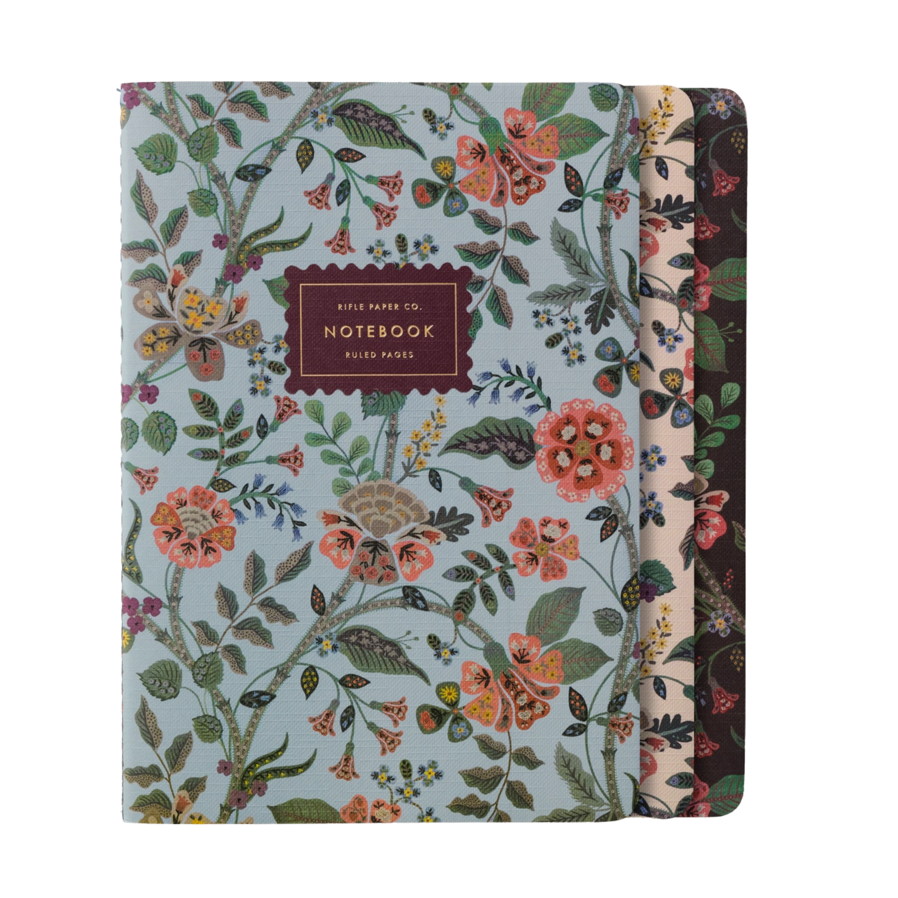 Stay organized in style with this charming trio of notebooks. Featuring our signature Gracie pattern in three complementary colorways, each notebook includes 64 ruled pages, stitched binding, and elegant gold foil accents. The lay-flat design makes journaling, note-taking, or list-making a breeze—perfect for work, school, or everyday thoughts.
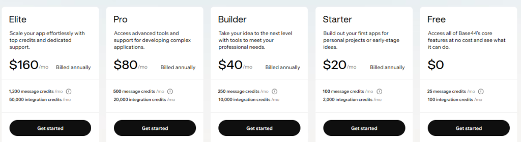 Base44 pricing ranges from completely free up to $200 monthly for the Elite tier [7].
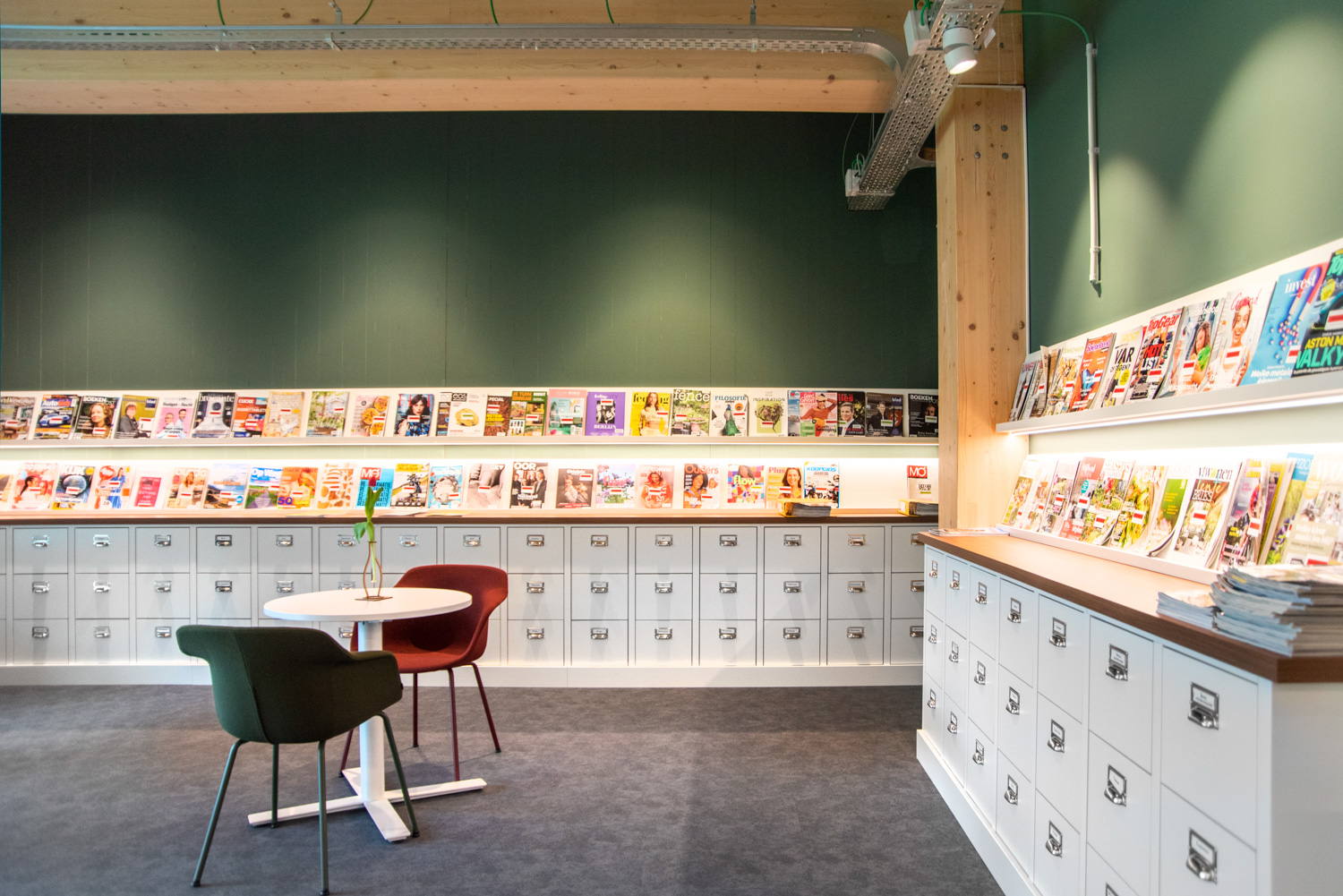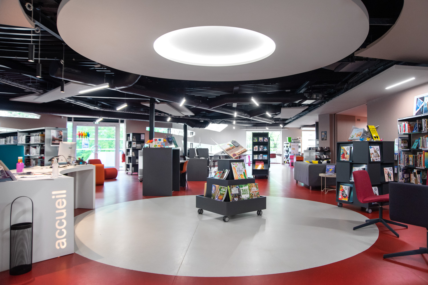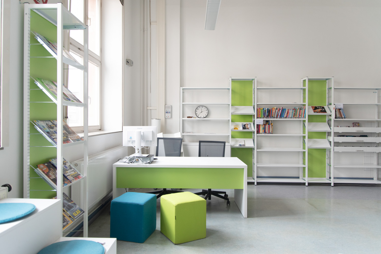 Borden kan användas för att skapa spännande och funktionella arbetsmiljöer i biblioteket, för både sittande och stående.
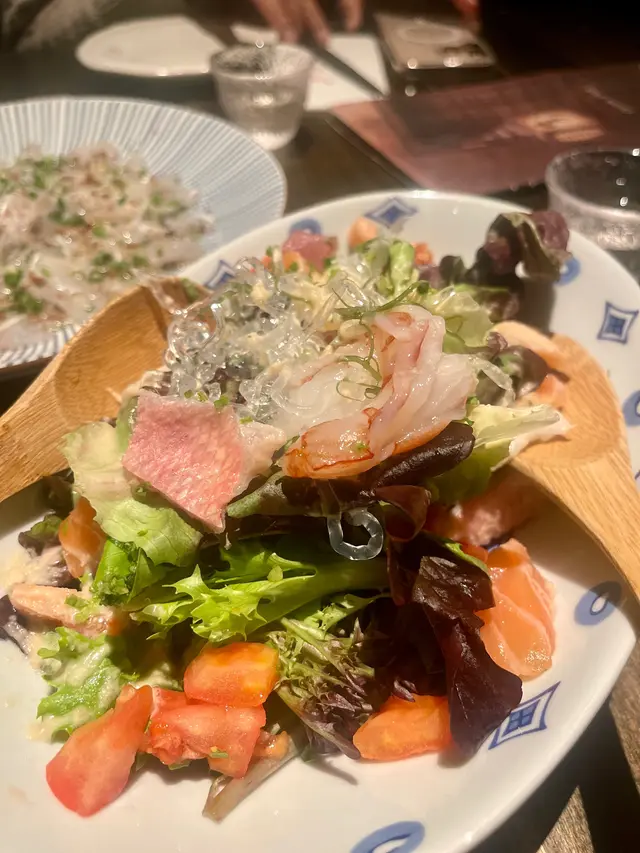 今晚約埋三五知己嚟到諾士佛台食嘢😋 一早bookmarked咗依間高質嘅居酒屋好耐,餐廳設計充滿日式風情,好似一秒就去到日本咁🇯🇵 如果多人嘅話,仲可以坐包廂👀👀🍶【神龍】聽店員介紹嗌咗依枝清酒🍶 酒味帶有甘甜果香💕 適合配搭所有佳餚👍🏻【海鮮沙律】醬汁味道清新,魚生豐富又夠鮮甜,開胃一流。⭐️【揚海苔芝士海膽卷】驚喜之作👀 炸得香脆又唔油膩,海膽同芝士夾埋好creamy,海苔味又夠突出,真係一啖接一啖🤤🤤⭐️【白身魚薄切】擺盤精緻、刺身切得好薄,盡顯師傅刀工‼️【東洋卷】Pancake外皮係即叫即整,餡料豐富,誠意滿滿💯【串燒】特別推薦⭐️【豚肉車厘茄串】⭐️豚肉燒得啱啱好,唔乾!車厘茄爆汁,酸酸甜甜加埋好夾👍🏻 ⭐️【牛舌】⭐️ 切得厚薄適中,燒得香口,咬落有彈性,配埋檸檬汁更加perfect‼️⭐️【汁燒原隻日本魷魚】魷魚爽口,燒得好香,汁甜甜地又有少少焦香‼️【香蔥吞拿魚蓉卷】吞拿魚蓉香口、香蔥提味,壽司飯唔會太硬,整體好食【和牛炒飯】炒得夠鑊氣,飯粒分明,充滿油香,但食到尾都唔會膩😋…查看更多
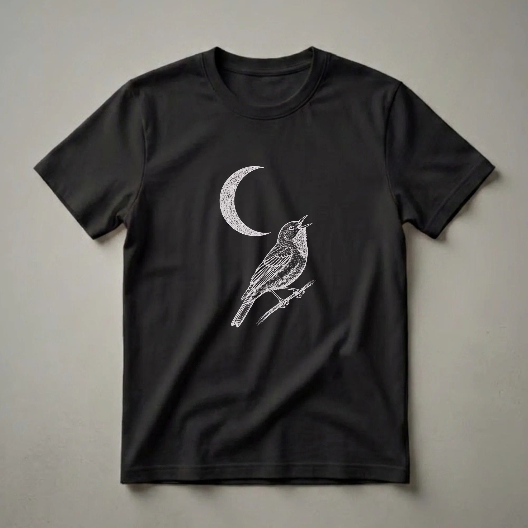 Bird watchers and nature enthusiasts will appreciate this striking graphic tee featuring a detailed line drawing of a warbler perched on a branch, with a crescent moon overhead. The art style mimics chalk on a blackboard, giving it a vintage and artistic feel. Warblers are small, active songbirds known for their vibrant plumage and complex songs, often found flitting through trees and shrubs in diverse habitats across North America. This shirt is a thoughtful gift for anyone who finds solace in the natural world, enjoys birdwatching, or simply admires the beauty of wildlife art. It's a go-to tee for casual outings, nature walks, or simply relaxing at home while dreaming of the outdoors. The monochromatic design on a dark background makes the intricate details of the bird and moon stand out, creating an eye-catching statement piece for your wardrobe. Wear this t-shirt to express your connection to the wild and celebrate the serene beauty of a moonlit night.
+ + + + + + +
(WHAT IS REQUIRED): Above are the records; return the lines in them from the one with "Base44 pricing ranges" to the one with "Borden kan användas", inclusive, exactly and without images.

(RESULT OF THE TASK):
 Base44 pricing ranges from completely free up to $200 monthly for the Elite tier [7].
 Borden kan användas för att skapa spännande och funktionella arbetsmiljöer i biblioteket, för både sittande och stående.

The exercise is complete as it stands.